Ay, Cava de los civiles,
Ay, cava de los calés,
Ya no es la cuna del arte
Ni sombra de lo que fue.
¿Cuna del arte?
Es una calle cualquiera,
Camino de cualquier parte
Los trianeros
se fueron a los barrios periféricos con lágrimas en los ojos y dolor en el
corazón y se llevaron todo su arte a aquellos barrios. Pero allí no tenían
patio ni corral, ni lavaderos, ni cogían agua del pilón, ni encendían fuego las
noches de invierno ni tomaban el fresco en la azotea las noches de verano, ni
compartían el pan y la sal, ni convivían los unos con los otros como en Triana.
Se encerraron en sus pisos a ver la televisión, allí tenían agua corriente, un
brasero eléctrico, un ventilador y una nevera.
¡Y el arte!; seguían teniendo todo el arte; así que, sólo
era cuestión de reencontrarse. ¿Cómo?
Al
principio de los ochenta, una mujer que desgraciadamente no está entre
nosotros, cuyo nombre era Gloria Moreno, “Filigrana”, dedicó su tiempo a localizar
en su destierro, convencer, llamar, reclutar, a todos aquellos trianeros que se
distinguieron por su arte, no ya de manera profesional, sino como siempre
hicieron, cantar y bailar, contar chascarrillos, divertirse, convivir.
Así,
luchando por la idea y en colaboración con José Luis Ortiz Nuevo, a la sazón
concejal de cultura del ayuntamiento de Sevilla, quien consiguió en una
brillante gestión el Lope de Vega para, en 1982, organizar un gran espectáculo,
quisieron dar a conocer a Sevilla, a España y a la humanidad cómo era la gente
que habitaba aquellos corrales legendarios, aquellas vecindades de un tiempo
que se fue. Conservo en mi archivo el video del evento, como un tesoro de la
gloria de Triana; el productor del mismo fue en ese caso, otro gigante de los
medios audiovisuales, Ricardo Pachón, el mismo que produjo el disco de Camarón
“La leyenda del tiempo”, a mi criterio, el giro fundamental que convirtió al
isleño en el mito que hoy es.
Allí,
en la bombonera de la Exposición iberoamericana, se consiguió demostrar que
Triana no estaba muerta, que vivía en todos aquellos que habían tenido la
gracia divina de bautizarse en Santana, la O, el Patrocinio, aunque vivieran en
las afueras.
Pusieron
el listón tan alto como sólo ellos podían hacerlo, el Titi, Curro el Juto,
Tragapanes, la Calzona, el Pati, Pastora, Coco, la Perla, José Lérida.
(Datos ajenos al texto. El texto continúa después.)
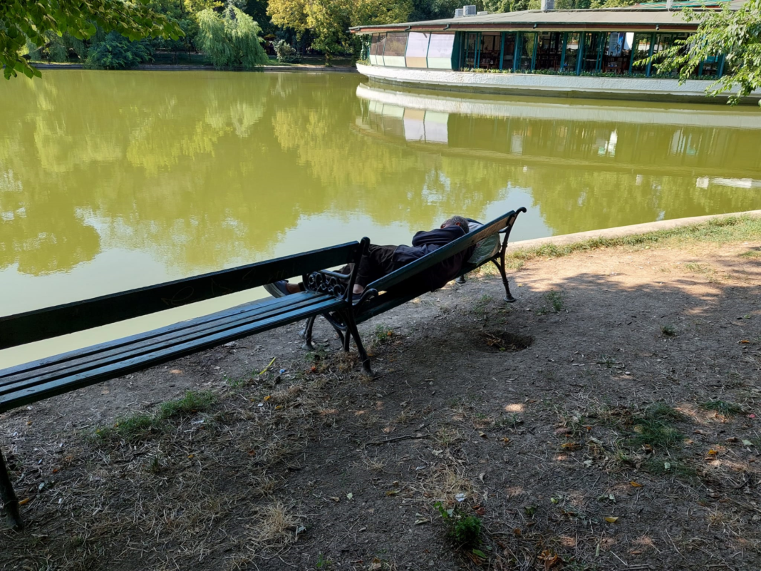 Pe băncile de sunt cât de cât omenești e greu să mai stai. Roiesc muște și alte zburătoare care ciupesc rău. În parcul din inima Bucureștiului, peisajul e dezolant, urât și miroase. Înainte exista un ONG care, zilnic, făcea petiții și scandal. Numită Grup de Inițiativă Civică Cișmigiu, organizația a dispărut din peisaj odată cu rezultatul alegerilor electorale. Au rămas pe poziții doar bătrânii care caută un loc de liniște și cei care vor să străbată parcul dar se lovesc de miros. Unul care îți rămâne mult timp în nări și-ți mută ficatul.
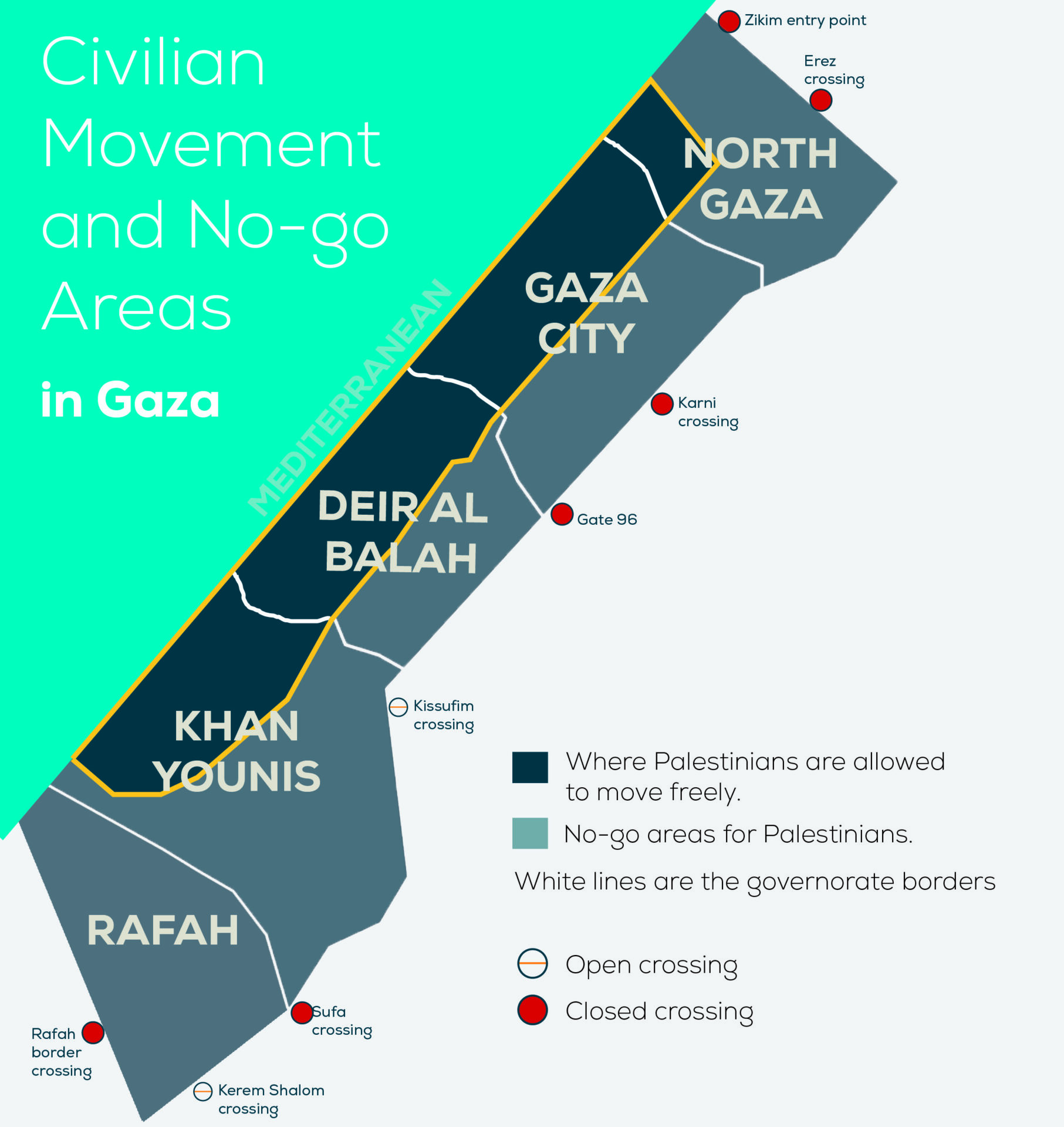 As Israel continues to invade the Gaza Strip, the land has become increasingly inaccessible to residents. While the territory itself has not shrunk, Israel now controls 50% of Gaza, pushing Palestinians onto less and less land. The growth of the military buffer zone along Gaza’s border, as well as the implementation of a new corridor across the south, significantly restricts Palestinian movement.

Juan
Lérida, Loli Leiría, Paco Vega, el Potaje, Juan el Breva, Carmen Cachero, Tío
Juani, La Salu, Antonio el Cordobés, Carmen la Pillina, y algún otro que se me
escapa, y que, juntos, tuvieron su ratito de gloria, teniendo como artistas
invitados a Lole y Manuel, quienes, trianeros como ellos, vinieron, estando en
la cresta de la ola para darles su aliento.
Aquello
fue una apoteosis del arte. Les llamaron Triana Pura y pura. Luego vinieron
actuaciones esporádicas, siguieron en contacto, hasta que más de quince años
después, y siendo más reducido el número de componentes, alcanzaron el éxito
más impresionante que se pueda recordar en España, con el disco de Triana al
cielo. La tristemente desaparecida Esperanza la del Maera, con el sigiloso
encanto de su voz de niña marinera, con el “Probe migué” rompía la barrera que
separa el arte de Triana de los circuitos comerciales, colocando la pica allí
donde nadie la hubiera imaginado, en discotecas, listas de superventas, hit
parades, grandes éxitos, giras, galas, recepciones…. y el nombre de nuestro barrio, por delante:
Triana… pura.
Aquí
lucía La Perla en bulerías y fandangos, por tangos, sublime Curro, también hoy desaparecido
y a quien Dios guarde en su gloria, solearero de jondo porte Coco, lágrimas
negras nos dejaba Pastora, con su voz antigua y dorada…
Y como
líder natural del grupo, un hombre, trianero puro, gitano puro, hijo de
Concepción, la que mejor ha cantado en la cava por bulerías, recreador de las
chuflillas de Triana, un cante de ascendencia gaditana, genuinamente de juerga,
que él nos ha legado, y que tiene en su haber la satisfacción y el orgullo de
haber compartido juergas con Vallejo, Caracol, Mairena, casi ná…, referente
claro de los tangos de Triana, José Moreno Moreno, a quien conocemos en Triana
por el Herejía.
ENTREVISTA
EL HEREJÍA
------------------------------------
JOSÉ MORENO MORENO
ARTISTA FLAMENCO DE TRIANA
SEVILLA, 1937
Quedamos con José "El Herejía", gracias a la
ayuda de su sobrino José Luis Tirado, y por supuesto, de su hija Salud, quien
nos dio todo tipo de facilidades para poder realizar la entrevista.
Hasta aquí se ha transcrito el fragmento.